#### [What you should do]
An exact repetition of the data below, without images, is the expected answer.

#### [Collected data]

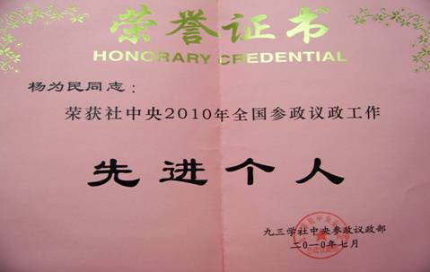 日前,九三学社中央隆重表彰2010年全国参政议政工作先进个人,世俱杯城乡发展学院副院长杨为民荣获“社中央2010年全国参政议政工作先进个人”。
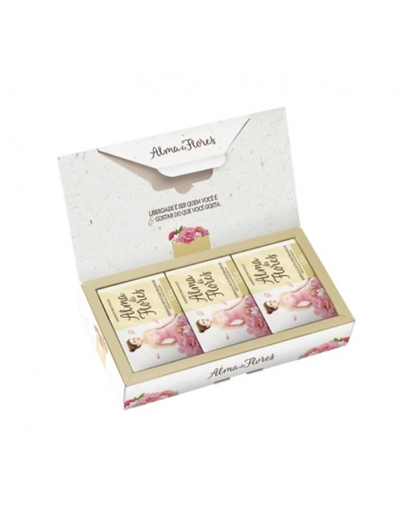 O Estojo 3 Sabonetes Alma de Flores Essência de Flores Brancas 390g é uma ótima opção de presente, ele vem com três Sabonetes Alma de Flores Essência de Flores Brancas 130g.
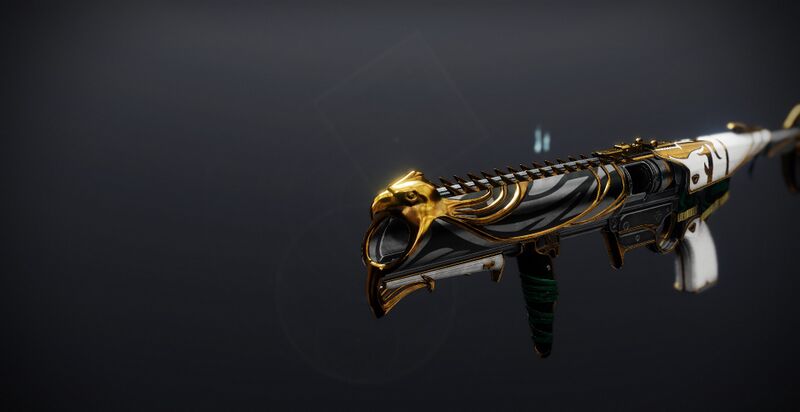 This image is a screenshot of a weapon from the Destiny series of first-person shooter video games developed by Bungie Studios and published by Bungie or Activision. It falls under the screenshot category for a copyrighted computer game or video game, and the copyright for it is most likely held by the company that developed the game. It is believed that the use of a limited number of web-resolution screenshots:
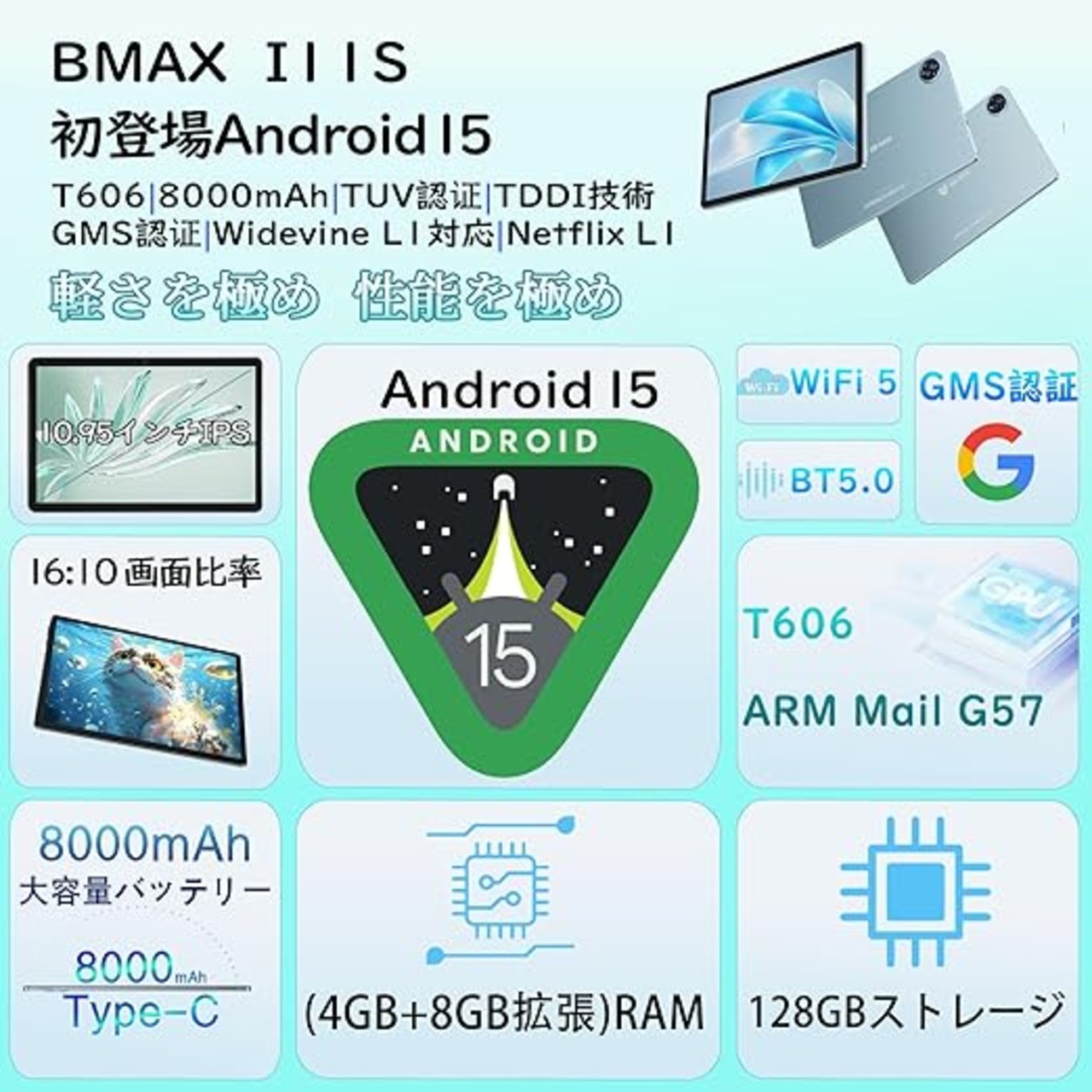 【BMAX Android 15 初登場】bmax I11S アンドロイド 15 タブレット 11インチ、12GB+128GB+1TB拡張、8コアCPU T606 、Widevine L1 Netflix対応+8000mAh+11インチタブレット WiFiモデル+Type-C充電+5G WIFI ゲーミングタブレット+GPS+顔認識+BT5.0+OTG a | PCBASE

#### [Response to the exercise]
 日前,九三学社中央隆重表彰2010年全国参政议政工作先进个人,世俱杯城乡发展学院副院长杨为民荣获“社中央2010年全国参政议政工作先进个人”。
 O Estojo 3 Sabonetes Alma de Flores Essência de Flores Brancas 390g é uma ótima opção de presente, ele vem com três Sabonetes Alma de Flores Essência de Flores Brancas 130g.
 This image is a screenshot of a weapon from the Destiny series of first-person shooter video games developed by Bungie Studios and published by Bungie or Activision. It falls under the screenshot category for a copyrighted computer game or video game, and the copyright for it is most likely held by the company that developed the game. It is believed that the use of a limited number of web-resolution screenshots:
 【BMAX Android 15 初登場】bmax I11S アンドロイド 15 タブレット 11インチ、12GB+128GB+1TB拡張、8コアCPU T606 、Widevine L1 Netflix対応+8000mAh+11インチタブレット WiFiモデル+Type-C充電+5G WIFI ゲーミングタブレット+GPS+顔認識+BT5.0+OTG a | PCBASE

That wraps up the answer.